Friday, June 1, 2007

To pay off or not to pay off

In my post on why I hate Debt, I wrote about how my car payment is my second biggest expense every month, and how I want to pay it off rather than sell it. After that discussion, I got online and checked the payoff amount of the car.

$5,794

That is a much smaller number than I expected. I mean I know that I’m two years into a three year loan, and I know that I’m paying a very low interest rate (1.9%), so most of my payments have been going toward principal, but somehow that number just startled me.

Now, it’s been a very good month. I just got a larger than normal check from my part time job, hubby got a small but noticeable raise in his stipend, we got a MUCH larger than normal tax refund check, my family sent me some checks for my birthday, and we’ve been doing a pretty good job saving. So, when I combine what’s in our checking account once our bills clear, a good chunk of our emergency savings, and some savings bonds I just found in the back of my closet, we have just about $6000.

I know that numerically it doesn’t make sense to pay off this debt instead of paying toward the bigger student loans, which have a much higher interest rate. It would, however, make it much easier to breathe and to figure out what I want to do if I didn’t have this payment anymore. But would that make me lazy? Would I start spending the extra $400 a month, instead of snowballing it into my next biggest debt?

Then there’s the biggest reason why I’m wary of dumping this much money on something right now. It’s summer. I’m a teacher. That’s the biggest chunk of our household income right now, and it’s gone for the next two months. I think I could find a way for us to break even, between my part time job, hubby’s raise, and various freelance work, but I can’t be sure. It’s a little scary to go into a summer without a big chunk of savings.

So what do I do? The payoff is within reach, and I’m itching, itching to grasp it.
What would you do?

2 comments:

Anonymous said...

Do not spend it. If you don't have 3-6 months emergency fund put it in a fund earning 5% where you won't spend it and keep it for emergencies. E-trade has a fund like that tied to your checking account. INGDirect has one that pays almost that much.

If you do have such a fund or don't trust yourself not to raid it unless it's a real emergency, then pay off the car. I know it makes financial sense to pay off higher interest loans but it feels really good to pay off something completely. And it inspires you. The other thing in favor of paying off the car is the small risk that if the car gets totaled you would have to pay off the loan AND buy a new car. This won't happen with the student loan.

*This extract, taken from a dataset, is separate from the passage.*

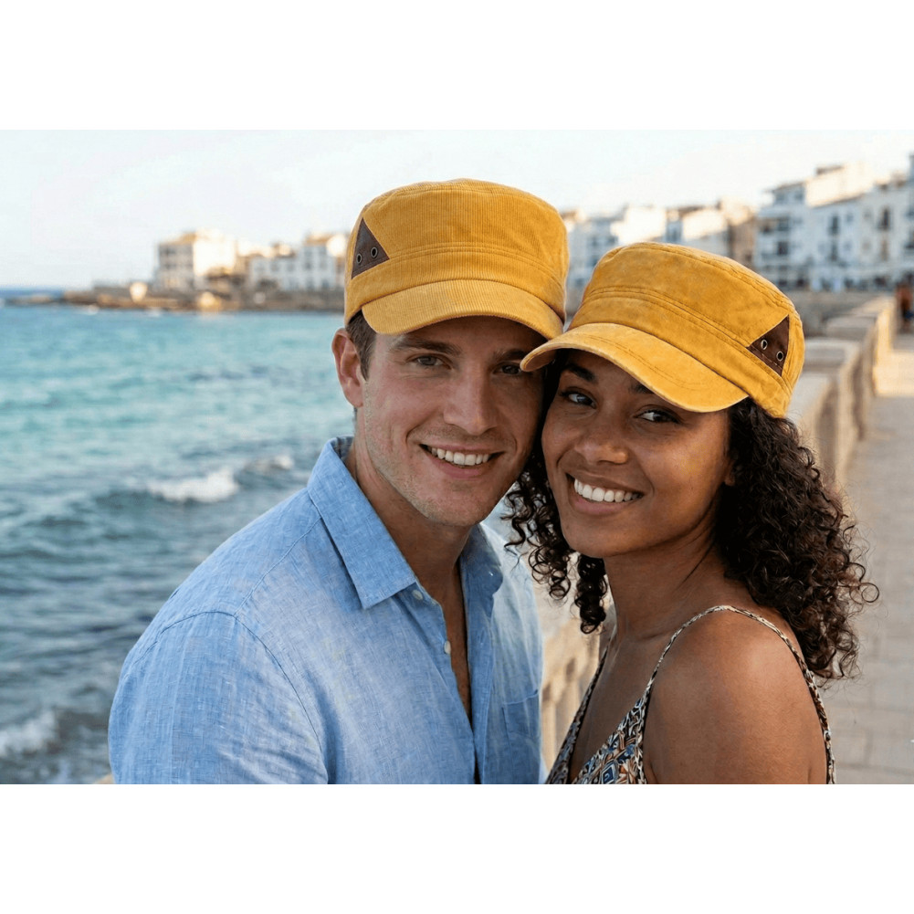 Vente casquette militaire femme et homme originale en tissu de coton avec empiècement de cuir suédine marron proposée par Nyls Création référence Lemon Stiago, casquette armée jaune classe mode cubaine fashion, visière baseball tendance, casquette army pas cher à la taille adulte réglable.
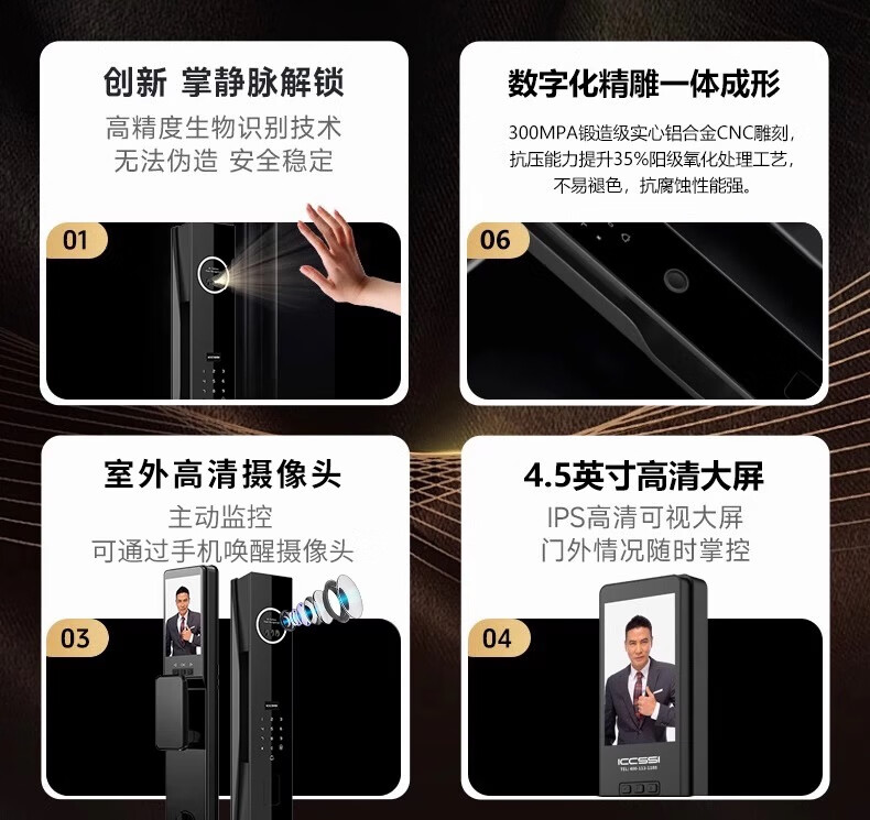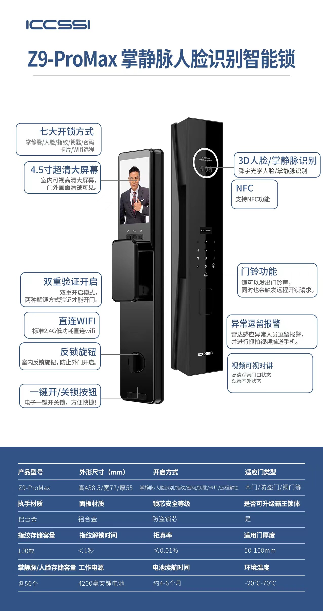 艾栖Z9 全自动人脸识别掌静脉指纹锁

Then I would keep making your car payment. But instead of making them to the bank (or whoever) make them to yourself - in a money market fund that pays 5% Keep the old car (and making the payments) for as long as you can. As the money accumulates including interest you can use that to buy a car for cash when you need a new one. Keep the cycle up and you'll never have to take a loan for a car ever again.

Matt said...

I would recommend keeping your Emergency Fund stocked at whatever it is. If it's not fully funded, then fully fund it. If it is, then roll that extra cash (minus the EF) into your School Loans and whatever other high intrest debts you have. Keep up the good work either way!